The LRRP gene (XM_644299) has been previously showed to be methylated and was used to track the changes that occur in the DNA of E.histolytica exposed to different stresses. The methylation level of LRRP and Actin in trophozoites treated with NO, H2O2 or HS was determined by D-HRMA. NO but not H2O2 or HS led to the demethylation of LRRP. In contrast, NO and HS were both able to induce the demethylation of Actin. After two months of recovery the methylation status of these genes returned to its original level. A preliminary result indicates that NO inhibits directly the Ehmeth activity. This maybe the mechanism that led to demethylation of LRRP in trophozoites treated with NO.

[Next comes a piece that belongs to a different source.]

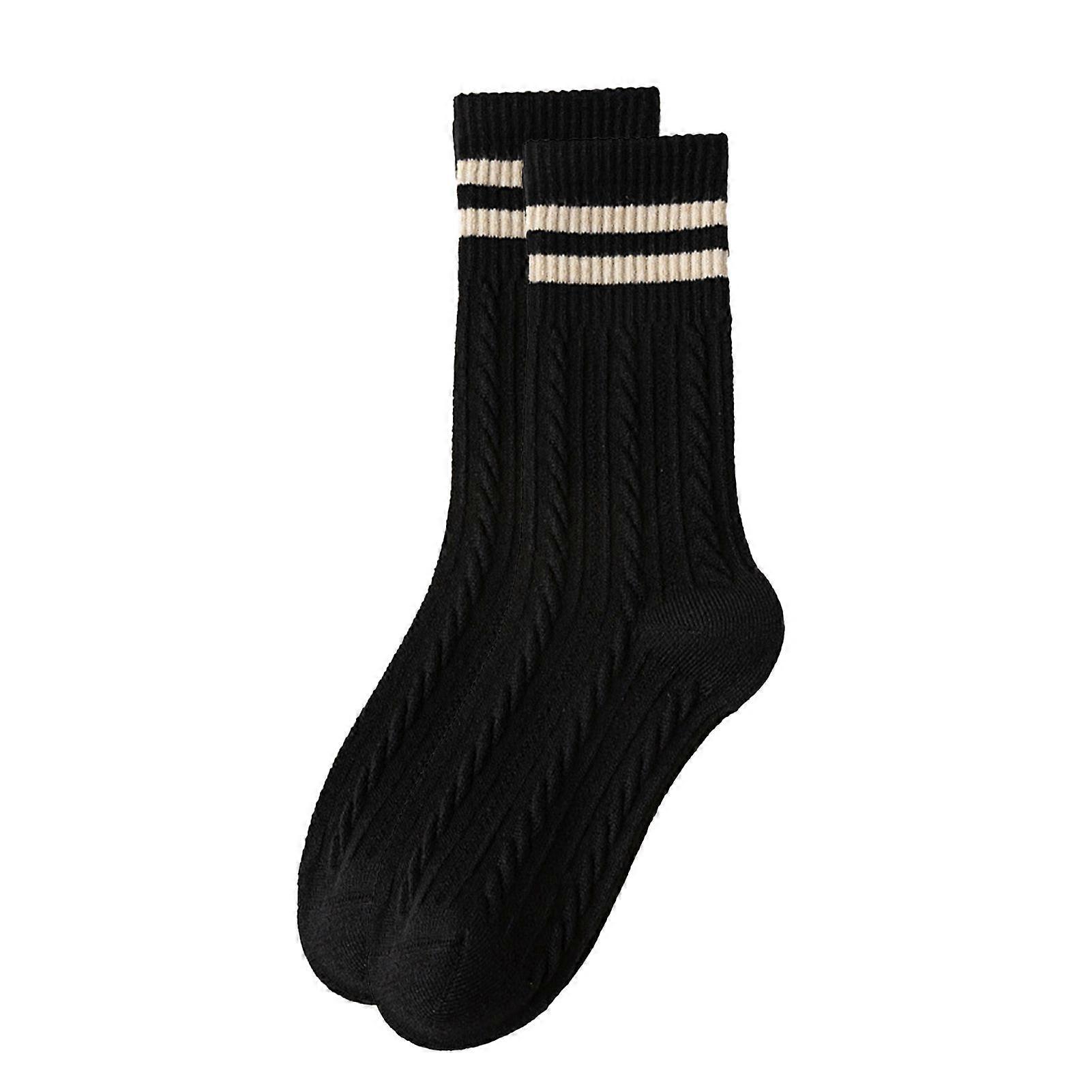 1 Pair Women Socks Ribbed Cuffs Twist Textures Sweat-absorbent Elastic Socks Autumn Winter Mid-tube Thick Warm Socks

Growth of E.histolytica in presence of E.coli O55 for more than a year increased the overall DNA methylation of the parasite but didn't affect the methylation status of the LRRP gene.
In addition, a bioinformatic study of EhMLBP using a novel homology method (HHpred) was performed. This bioinformatic analysis revealed the presence of a heat shock domain in EhMLBP suggesting a role of this protein during heat shock. I found that EhMLBP has an even distribution within the nucleus in trophozoites overexpressing EhMLBP. The same distribution was also observed in trophozoites following heat shock. Finally, I observed that constitutive over-expression of EhMLBP protects trophozoites against heat shock.
In summary this work indicates that DNA methylation is modulated by environmental stresses in E.histolytica. In addition, EhMLBP has a decisive role in the defense of the parasite against HS.